We just presented data at ASH [American Society of Hematology Annual Meeting]. Our standard had been daratumumab-pomalidomide for all first relapse, and if you look at patients who relapsed within 2 years of diagnosis, they seem to gain less benefit from daratumumab-pomalidomide than those who relapsed after 2 years from diagnosis. That’s now a discriminator. We don’t know that using something different will be better, but we know that what we have with available therapy isn’t as good as we want. We want it to be better. Some patients want to take pills and not see us as often. Others live far away. Co-pays play into that. Those are all variables that we take into account. As Ola suggested, the advantage is that in first relapse, you have a long laundry list of options. When you get to second and third relapse, that list becomes a little more narrow, so the choice of flexibility becomes a little less.

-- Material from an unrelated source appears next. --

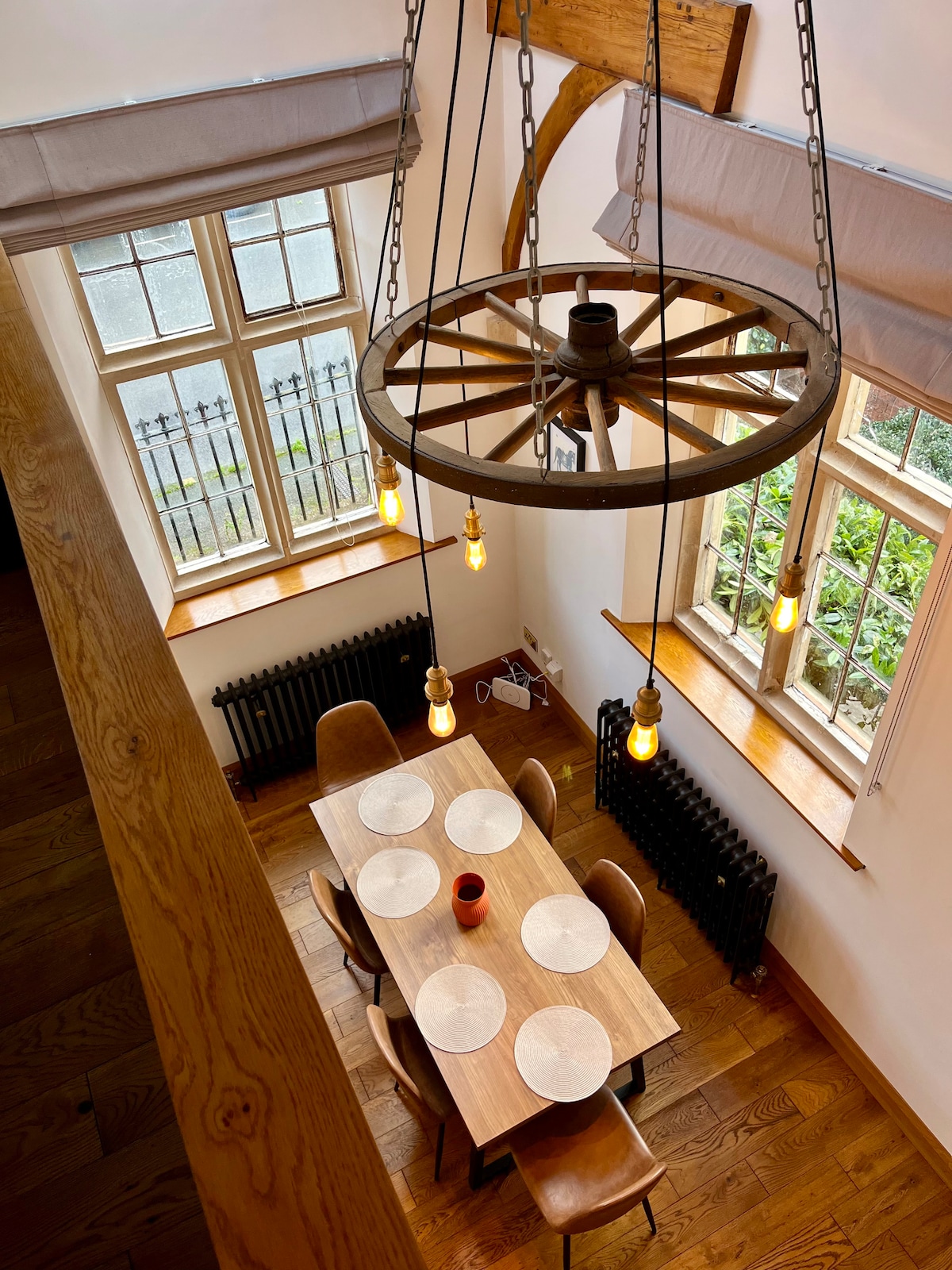 Boddington Mill is a stunning countryside retreat in the heart of the Cotswolds, steeped in history and rural charm. The building retains industrial mill parts which intersect multiple levels for a unique and generous living space. Its south-facing garden includes outside dining, wood-fired hot tub, and large lawn, home to wildlife and fruit-bearing trees. Inside, the three king sized bedrooms feature luxury bedding beneath vaulted, oak-beamed ceilings and period windows. Sky TV, Sonos speakers.

Nina Shah, MD: If you were going to choose between a bortezomib-dexamethasone or carfilzomib-dexamethasone backbone, how do you make that decision? Because the combination is the question that a lot of us have.
Sagar Lonial, MD, FACP: In first relapse, we tend to go with carfilzomib as part of the backbone if that’s what we’re going to do. In myeloma we have 3 backbones. It’s like Alien. We have an IMiD, we have a PI [proteasome inhibitor], and we have an anti-CD38. In first relapse, if they’re not CD38 exposed, as Josh said earlier, that becomes the primary backbone. Then it’s a matter of whether you’re adding an IMiD or a PI to it.
Nina Shah, MD: There are a lot of interesting things talking about bortezomib vs carfilzomib, because a lot of people will have had their VRd [bortezomib, lenalidomide, dexamethasone], gone to transplant, and not see bortezomib for a long time. We’re loath to repeat it sometimes, but it’s something you can repeat because the person isn’t refractory to that. That’s something I have to remind myself of.
Josh, is there a time that you would ever choose a doublet vs a triplet at the first relapse? What’s your general standard of care or approach?
Joshua Richter, MD: There’s been an evolution in this. The reality is that in a day and age where we used to give full-dose doublets, I’d far prefer a dose-adjusted triplet. I don’t give doublets to almost anyone, except for extremely rare occasions. The only doublet I can think of that I’ve been giving is belantamab-dexamethasone in the later line, and even there you don’t need the dexamethasone. If we look to our colleagues in Europe in the ALCYONE trial, we look at the transplant-ineligible and the older and frailer. They’re getting quadruplets, and they’ve figured out a way that you can dose attenuate and provide supportive care to give a quadruplet. If the Europeans can give a quadruplet, in the United States, we can build ourselves up to giving triplets to everyone.
Nina Shah, MD: Yes, that’s definitely an evolution that we’ve gone through.